Received, February 14, 1996.
Accepted, July 31, 1996.
Reprint requests: Aaron Mohanty, M.Ch., Department of Neurosurgery, National Institute of Mental Health and Neurosciences, Hosur Road, Bangalore 560 029, India.
The authors present a large series of cerebellopontine angle (CPA) epidermoid cysts that were surgically treated within a 9-year period in Bangalore, India. The authors retrospectively review the clinical presentation, surgical management, and results for 25 patients. Although this report does not add any new data, this series represents an important contribution to the world literature. The authors' conclusions are in many aspects similar to those we have recently published (1).
CPA epidermoid cysts may achieve large extensions into the middle fossa and to the foramen magnum. In our series of 40 CPA epidermoids, the most frequent symptoms were hearing loss and vertigo and then trigeminal problems. In the present series, no information is provided regarding VIIIth cranial nerve affection but trigeminal problems were present in half of the patients. We agree with the authors that most CPA epidermoids with supratentorial extension can be totally resected by a simple retrosigmoid approach, although some cysts with extreme extension into the middle fossa may need a combined subtemporal-retrosigmoid approach.

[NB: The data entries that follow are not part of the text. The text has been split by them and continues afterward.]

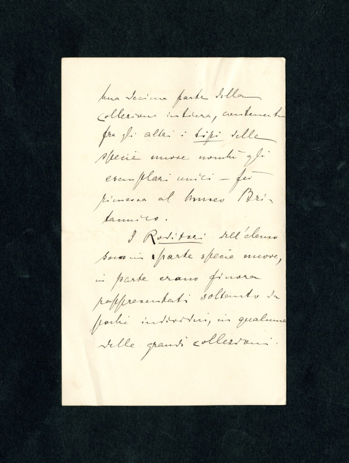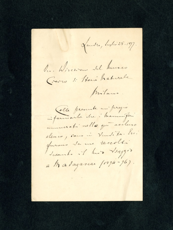 Londra, 25 luglio 1897: scrive che i mammiferi nell’elenco trasmessogli sono in vendita e furono da lui raccolti durante un viaggio in Madagascar (1894-1896). Una decima parte dell’intera collezione, contenente anche specie nuove ed esemplari unici, si trovano al museo britannico [Natural History Museum].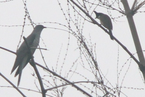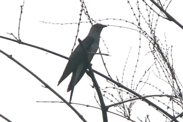 Saw this bird today at Yin Kong (near Long Valley). Initially thought it looked a different than an Indian Cuckoo--greyer than I expect for Indian Cuckoo and not brown enough on the back. Now because of the light and indistinct barring on the breast I am wondering if it is an Oriental Cuckoo or Common Cuckoo.
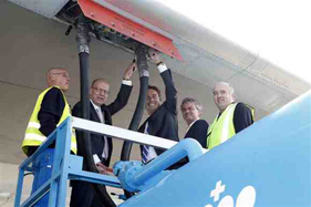 Passengers included State Secretary of Infrastructure and the Environment, Joop Atsma. The aircraft was partly flying on sustainable fuel made from Used Cooking Oil.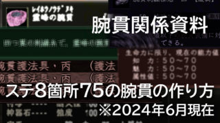 今回は2024年6月時点での「ステータス8箇所75の腕貫の作り方」です。継続的にプレイされてる方には「ハッ、いまさら?」的な感じではございますが、2024年5月頃に復帰した方でも理解出来るように心がけて書いています。以下、記載ミス、清水の勘...

In the majority of cases, the cranial nerve deficits resolve during the postoperative period. Although most epidermoid cysts can be totally resected with good postoperative outcomes, there still are cases in which total resection is impossible without resulting in severe neurological deficits. Severe injury of the lower cranial nerves, particularly in cases of bilateral cysts, may result in life-threatening aspiration pneumonia. Long follow-up radiological studies are necessary to depict cyst recurrence or regrowth.

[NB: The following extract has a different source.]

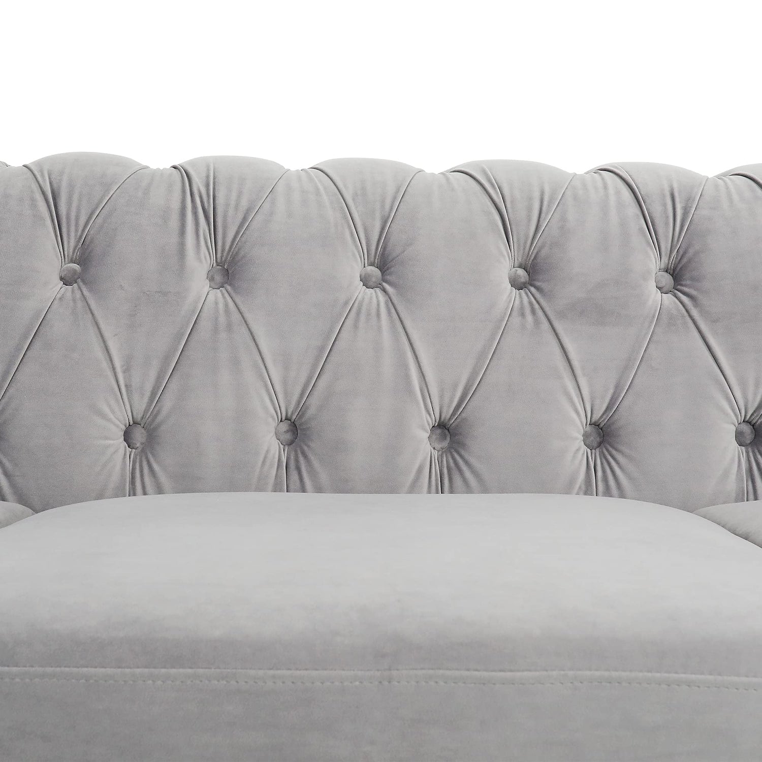 ONCIN Velvet Chesterfield Sofa, 84'' Modern Tufted 3 Seater Couch with Scroll Arms and Wood Legs for Living Room Bedroom (Gray), Grey Velvet, 84 In Chesterfield Sofa

The authors provide a broad experience in the treatment and management of epidermoids of the CPA. Because these are slow-growing tumors, the follow-up period of 42 months is short to ensure permanent cure. However, my personal experience indicates that as the authors suggest, an absolute total removal of the capsule and interstices of an epidermoid tumor is not necessary to ensure long-term cure. I have had patients who have gone 25 years after radical but subtotal removal of the capsule material without any evidence of recurrence. Therefore, the best attempt at removal of the contents as well as the capsule should be performed but not to the point of sacrificing vital structures, such as cranial nerves and blood vessels of the posterior fossa. Vigorous attempts to remove every last scrap have resulted in unwarranted cranial nerve deficit as well as injury to arteries. The authors present, overall, a large experience with excellent results in these benign lesions.
New York, New York
Mohanty et al. present their clinical experience with CPA epidermoids in 25 patients. This is a relatively large series of CPA epidermoids, and the authors further review the pertinent literature. The authors conclude that they prefer a somewhat conservative approach with subtotal removal for these CPA epidermoid tumors, which is in accordance with the majority of the previous literature. With the advent of the keyhole microneurosurgical technique and precise sharp dissection, it is possible to completely resect this tumor with negligible morbidity.
Through my experience with more than 120 cases of this type of tumor, I have obtained extremely satisfactory results with radical total resection, and I think that this benign process has to be resected in total fashion. The follow-up period of 3 to 4 years is not enough for this benign process. The epidermoid tumor will recur for 10 to 15 years.